The invention is based on the object of a method create a technologically manageable and inexpensive manufacture of a hard magnetic, from a Samarium-cobalt-based alloy for existing powder enables high-coercivity permanent magnets.

This object is achieved according to the invention with that in the patent claims described manufacturing process solved.

The process is characterized in that

• a) the individual elements of the alloy in powder form and / or one or more powdered master alloys to one Starting powder mixed together,
• b) this powder mixture at a temperature in the range of 50 ° C to 500 ° C in a hydrogen atmosphere at one Hydrogen pressure of <0.15 MPa over a period of 1 h subject to an intensive fine grinding up to 100 h, the Powder is hydrogenated and disproportionated, and
• c) then on the fine powder thus obtained by means of a Heat treatment in the range from 500 ° C to 900 ° C Performs hydrogen desorption treatment.

According to an advantageous embodiment of the invention, the Powder mixture at a hydrogen pressure in the range of preferably 0.5 MPa to 2.5 MPa finely ground and disproportioniert.

According to further embodiments of the invention, process powder a) expediently uses such starting _{powder mixtures} which have alloys with the composition Sm _x Co _100-x with 10 <x <30 or the composition Sm _x Co _100-xabc Fe _a Cu _b Zr _c with 10 <x <30, a <45, b <15 and c <15.

The method according to the invention opens up a new possibility for the magnetic hardening of Sm-Co base compounds created.
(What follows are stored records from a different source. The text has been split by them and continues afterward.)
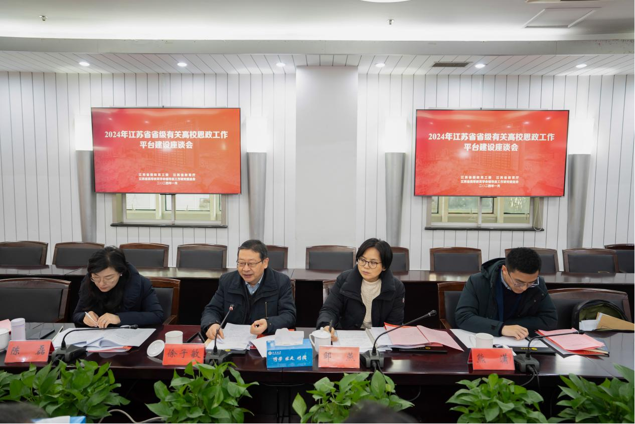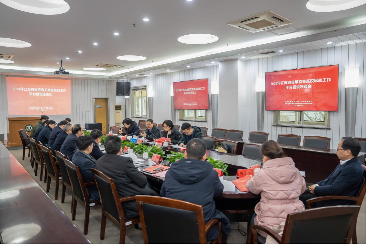 1月25日,2024年江蘇省省級有關高校思想政治工作平臺建設座談會在我校舉行。省教育廳一級巡視員徐子敏,南京工業大學黨委常委、副校長劉大衛,蘇州大學黨委常委、副校長查佐明,南通大學黨委常委、副校長吉明明,江蘇大學黨委常委、副校長任旭東,南京師范大學黨委常委、宣傳部部長宋喆,省教育廳社政處處長鄒燕、一級主任科員陳磊、掛職干部熊瀟,以及省網絡思政中心(易班中心)、8個省級高校輔導員培訓與研修基地負責人參加座談會。
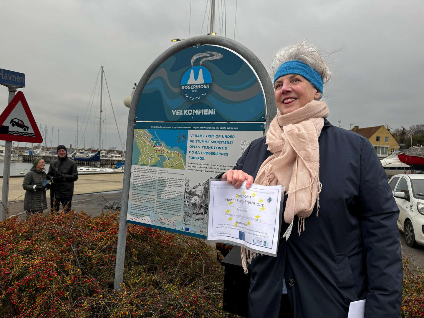 Hanne Stange Bremholm fik et diplom for arbejdet med at skabe Røgerinoen i Tejn. Her er hun ved rutens start på Beddingsvej på Tejn Havn. Foto: Holger Larsen
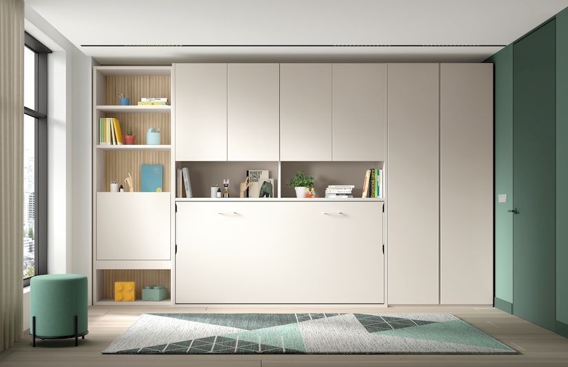 Cama abatible horizontal con librería interior, librería superior con puertas, librería lateral con mesa abatible y armario lateral, una habitación completa en el mínimo espacio. Ahora con transporte y montaje incluidos*
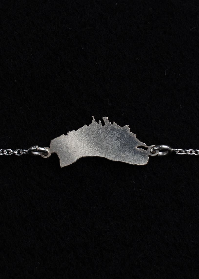 Esta pulsera en plata de Ley 925 reproduce la silueta de la isla, creando un vínculo tangible con tus recuerdos y emociones más profundos.

The process opens up new approaches for an optimization of the magnetic properties of Sm-Co- Magnets that leads to an improvement in properties and an inexpensive alternative for the production of such Represents magnets.

The invention is based on one Embodiment explained in more detail.
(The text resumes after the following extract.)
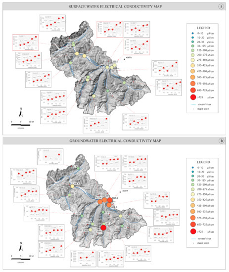 Electrical conductivity (EC) maps of (a) surface water and (b) groundwater.

A melted Sm ₂ (Co, Fe, Cu, Zr) ₁₇ starting alloy, as is usually used for the production of Sm-Co sintered magnets and whose coercive field strengths are determined by the pinning mechanism, is reduced to particle sizes smaller than 160 mm and then intensively ground with the help of a vibration mill in a hydrogen atmosphere of 1 MPa at a grinding bowl temperature of 350 ° C. for a period of 20 h. In addition to fine grinding, the alloy is disproportionated due to the presence of hydrogen. The powder is then heated to 750 ° C. with the continuous pumping off of hydrogen and carried out at this temperature for half an hour in order to carry out hydrogen desorption.
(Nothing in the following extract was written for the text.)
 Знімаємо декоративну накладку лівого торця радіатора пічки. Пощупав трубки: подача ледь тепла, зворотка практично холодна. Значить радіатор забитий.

The powder produced in this way has a high coercive field strength H _c of approximately 10 kA / cm and can be processed into powerful permanent magnets.

Claims (4)

1. A method for producing a hard magnetic powder consisting of a samarium-cobalt-base alloy, characterized in that

• a) the individual elements of the alloy in powder form and / or one or more powdery master alloys are mixed together to form a starting powder,
• b) subjecting this powder mixture to intensive fine grinding and disproportionation at a temperature in the range from 50 ° C. to 500 ° C. in a hydrogen atmosphere at a hydrogen pressure of <0.15 MPa for a period of from 1 h to 100 h, and
• c) then carries out a hydrogen desorption treatment on the fine powder thus obtained by means of a heat treatment in the range from 500 ° C. to 900 ° C.

2. The method according to claim 1, characterized in that the Powder mixture at a hydrogen pressure in the range of 0.5 MPa to 2.5 MPa is finely ground and disproportionated. 3. The method according to claim 1, characterized in that in process step a) a starting powder mixture for an alloy with the composition Sm _x Co _100-x with 10 <x <30 is produced. 4. The method according to claim 1, characterized in that in process step a) a starting _{powder mixture} for an alloy with the composition Sm _x Co _100-xabc Fe _a Cu _b Zr _c with 10 <x <30, a <45, b < 15 and c <15.